It preferably contains that which is used as the starting material in the process according to the invention Hydrogel for example. 0.5 to 10 percent by weight of the

ίο inorganic colloid. The best results are achieved when the content of inorganic colloid is about 1 to 5 percent by weight.

Any liquid that can be used as a multiple solvent for the lubricating oil and water suitable proportions, temperature and pressure conditions with the lubricating oil and water forms a liquid single phase system. The specific conditions vary with the particular one used Ingredients for which in the present

ao description only examples are given. However, the required proportions, Temperature and pressure conditions for a specific combination of substances in a simple Way in each case by preliminary tests or by

«5 Examination of the miscibility curves determined will.

The miscibility of the multiple solvent with the lubricating oil and with water should preferably be so great that the use of a large amount thereof to achieve the desired single-phase system can be avoided. If the multi-solvent forms with water an azeotropic mixture, it is to ^1, preferably a higher boiling point than water have. A multiple solvent which has a boiling point no higher than that of water and which does not form an azeotropic mixture with the water can sometimes be used, but large amounts are required to remove essentially all of the water. If the multiple solvent is not to remain in the finished grease or thickened lubricating oil, its boiling point must be significantly lower than that of the lubricating oil used. Sometimes it is advisable to use a multiple solvent that is only slightly miscible with water at low temperatures, since the distillate then occurs in two phases and this facilitates the recovery of the solvent.

Examples of suitable multiple solvents are alcohols such as e.g. B. ethyl alcohol, propyl alcohols and. Cyclohexanol; Ketones such as diethyl ketone; Ethers, such as the diisopropyl and diphenyl ethers and Dioxane; Ester; Diols, diglycols; Glycol monoalkyl ethers; Glycerol mono- or dialkyl ethers; Phenol and cresols, amines and heterocyclic bases, such as Alkanolamines, pyridine and morpholine.
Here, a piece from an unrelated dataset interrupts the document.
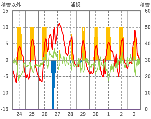 | 日 | 時 | 気温 | 降水 | 風向/風速 | 日照 | 積雪 | 降雪 |
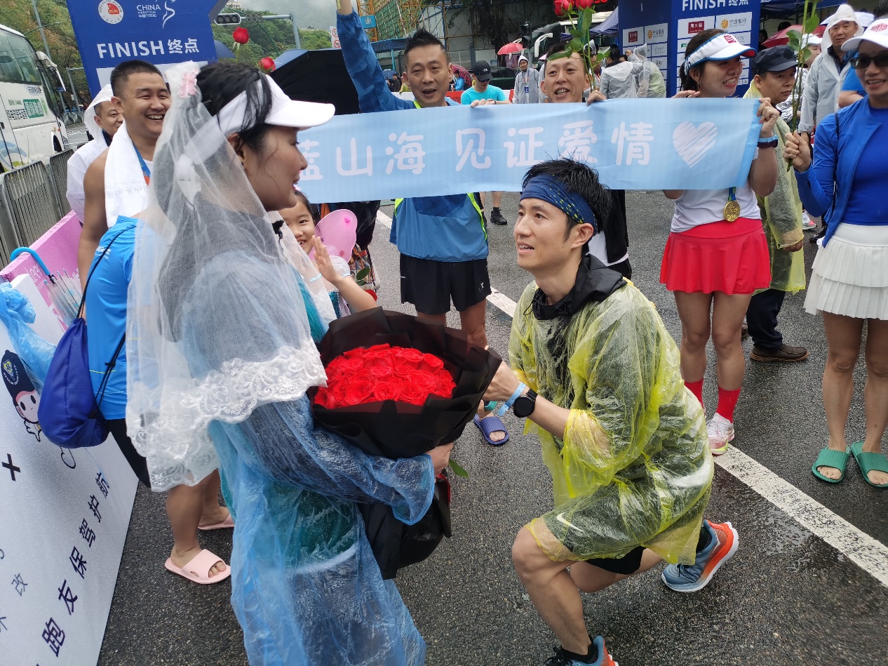 “今天是我们第一次一起跑完‘半马’,这么大的风雨都见过了,我们也没有放弃,人生的其他困难我都不害怕了。”大海边,山脚下,在淅淅沥沥的小雨中,小伙对着另一半大声喊道:“我爱你,嫁给我好吗?”

Mixtures of such solvents can also be used come.

fio lubricating greases that consist only of a lubricating oil and consist of an inorganic colloid, tend to disintegrate in the presence of water. Therefore, it is also useful in the process of the invention when mixing hydrogel, lubricating oil and Add an oil-soluble surfactant to multiple solvents prior to distillation. This can be the hydrogel or the lubricating oil or the multiple solvent before Mixing added or separately incorporated into the mixture. In many cases it is necessary a surface-active agent, in particular a cation-active agent, to use the inorganic To obtain colloid in the form of a hydrogel, e.g. B. in the manufacture of a clay hydrogel. The surface-active agent used for this purpose then also serves for stabilization of the finished grease against the destructive influence of water.

The surface-active agents used according to the invention can be both cation-active and anion-active as well as being non-ionic. They are preferably cation-active substances. To be in oil enough To be soluble, the surfactant should generally have at least 12 carbon atoms per Molecule and preferably at least one hydrocarbon radical with at least 12 carbon atoms contain. Suitable cation-active substances are e.g. »onium compounds«, such as ammonium, Phosphonium, sulfonium and arsonium compounds.

Other suitable cation-active substances are the aliphatic amines with a long chain with 12 or more carbon atoms, like octadecylamine, and the long chain polyamines. Complex substances, such as B. the partial amides from higher fatty acids or resin acids with aliphatic polyamino Hydroxy compounds can also be used.

Suitable anion-active substances are, for. B. fatty acids and hydroxy-substituted fatty acids with ₁₀ o at least 12, preferably at least 16 carbon atoms per molecule. The acids can be used as such or in the form of their soaps, preferably soaps of polyvalent and, in particular, amphoteric metals. _lo j

About the finished grease. sufficiently water repellent To make, the surfactant should be in an amount of at least 25 percent by weight of the inorganic colloid are present.

If the surface active agent to the hydrogel u ₀ added before this is mixed with the lubricating oil and the multi-solvent, then it is expedient to heat hydrogel and surfactant at least 30 minutes each to a temperature above 6o °. This distributes the surface-active agent evenly on the surface of the gel particles, which leads to flocculation of the gel particles and facilitates settling. The water that separates out is removed from the hydrogel before it is mixed with the lubricating oil and the multiple solvent; this shortens the time required to distill off the water.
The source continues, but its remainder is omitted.